Eva felt herself sinking into drunkenness. Leaving behind her inscrutability and her poise. Adamska did not look much different to her, but it seemed that he, too, had let his mask slip out of weary carelessness. Until that moment, it had not occurred to Eva that Adamska might have entered into her life no more than she had entered into his. That he might have his own secrets, and desires, and sad concealments.
“Adamska,” she said quietly. She had slipped a little in her chair, and now she was leaning over the table with her temple resting on her arm. She watched the play of light through the glass in her hand. “Do you remember when we…?”
That got his attention. His head came up quick, and he made a fumbling attempt to put his expression back into some semblance of cool disinterest. “When we what?”
“You know,” Eva replied. She was glad her head was down, and that her hair hid her smile. “That time with Jack.”
“Oh, that,” Adamska said with exaggerated carelessness. “Jack was pretty insistent, wasn’t he? He was always good at being persuasive.” When this did not seem to have conveyed his innocence sufficiently, he tried again, “We were just kids.”
“Speak for yourself,” Eva said. “You may have been just a boy, but I was a grown woman.”
Adamska frowned. “So what?”
“Nothing,” Eva said. “Just thinking, that’s all.”
She shook the now nearly-empty gin bottle, and poured out the rest of it in two full shots. She took hers, and it felt as hot and heavy on the way to her stomach as the first gulp of whiskey had, though the whiskey seemed like a long time ago now.
“Where are you going to stay tonight?” she asked.
“I haven’t given it any thought,” Adamska said.
“Stay here. I’ll tell the troops about you in the morning. It’s late right now, and they’ve earned some rest.” They also didn’t need to see her drunk, but Eva kept that much to herself.
Adamska’s brow furrowed thoughtfully. It was a long time before he moved to speak, though perhaps it had not seemed that long to him. “Do you want me to stay so that we can… do that thing you mentioned? Again, I mean.”
Eva was startled into laughter. “Oh, Adamska…” And then, reminding herself of his touchy pride, and how she might do well to cultivate it if they were going to be allies from now on, she quickly added, “I’m sorry. I’m not laughing at you.”
“I know.” He reached across the table, his gloved hand knocking first off the empty gin bottle, then off the leather holster before it found her fingertips. “It’s not something I’ve given much thought, not in a long time. In general, I mean. Not specifically… you. Or Jack.”
Eva nodded, understanding. Though they both had the steely hardness of field agents, she had an additional layer of soft gauze over that, the softness she had cultivated during her younger years where the missions had come in, one after another: Seduce-and-Terminate, Gather Intelligence, Insinuate into Enemy Ranks.
People came to her with their secrets, and she did not mind. She always kept them, unless she had orders otherwise, and she would keep Adamska’s, too. Whatever he chose to reveal to her.

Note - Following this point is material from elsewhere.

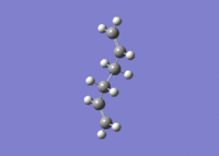 Recent literature [6] has cited HF as being too inadequate an approach for proper analysis of 1,5 hexadiene because unlike DFT Hartree-Fock does not take electron correlation into account. It therefore treats 1,5-hexadiene like n-butane, for which the energy difference between the anti and gauche confomers are an order of magnitude higher than the corresponding difference in 1,5-hexadiene. A better way to determine the true relative stability would be to use a so-called 'post-Hartree-Fock' ab initio approach, such as a Coupled Cluster CCSD(T) calculation, which accounts for electron correlation by constructing multi-electron wavefunctions using an exponential cluster operator. Alternatively, the small energy differences between the anti and gauche conformers could be included in molecular mechanics parameterisations to to facilitate an accurate calculation via this method[6] To gain more accurate results, re-optimisation was then performed using a DFT approach, with a B3LYP functional and a 6-31G(d) basis set.The anti2 and gauche3 conformers had the lowest energy using HF - how would they fare when electron correlation is taken into account? Summaries of the results are given in Figs XXX, XXX and XXX.
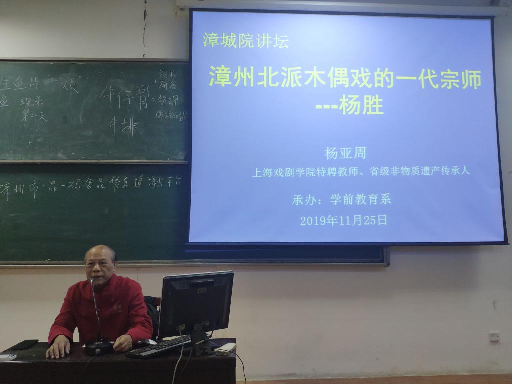 为了让学生对漳州北派木偶戏文化有更多的了解,继承发扬中华优秀传统文化的精神,2019年11月25日晚上,学前教育系在怀仁楼梯教二开展“漳州北派木偶戏的一代宗师——杨胜”为主题的讲座。此次讲座由上海戏剧学院特聘教师、省级非物质遗产传承人杨亚周老师主讲。

“I haven’t either,” Eva soothed, turning in his grip so that she could pat his hand. Poor naive Adamska, she thought with an obscure melancholy. So innocent that he did not even know his own innocence for what it was.

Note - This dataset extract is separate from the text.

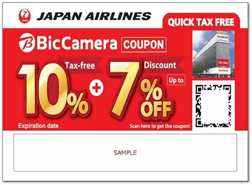 期間限定で配布されている免税優待券を、ビックカメラグループの店舗にて免税で買い物をする際にレジで提示することで、対象商品が最大7%引き(日用品・お菓子などは5%引き、お酒は3%引き)になる。なお、この免税優待券は、一時帰国の日本人も免税で買い物をする際に使える。

All at once, he grabbed her wrist and, in a fit of tender violence, jerked her hand to his lips.
Eva watched him calmly. His eyes were closed now, and his long hair fell in two colorless curtains on either side of his face.
“The time for vengeance will come,” Eva said. Adamska’s eyes flew open, and he stared at her down the length of her arm. “I promise you, he’ll have justice.”
He did not reply. Eva got up and went to the window, where she faced the cold and snowy bleakness of Christmas Eve. With a decisive movement of her hand, she drew the curtains against it.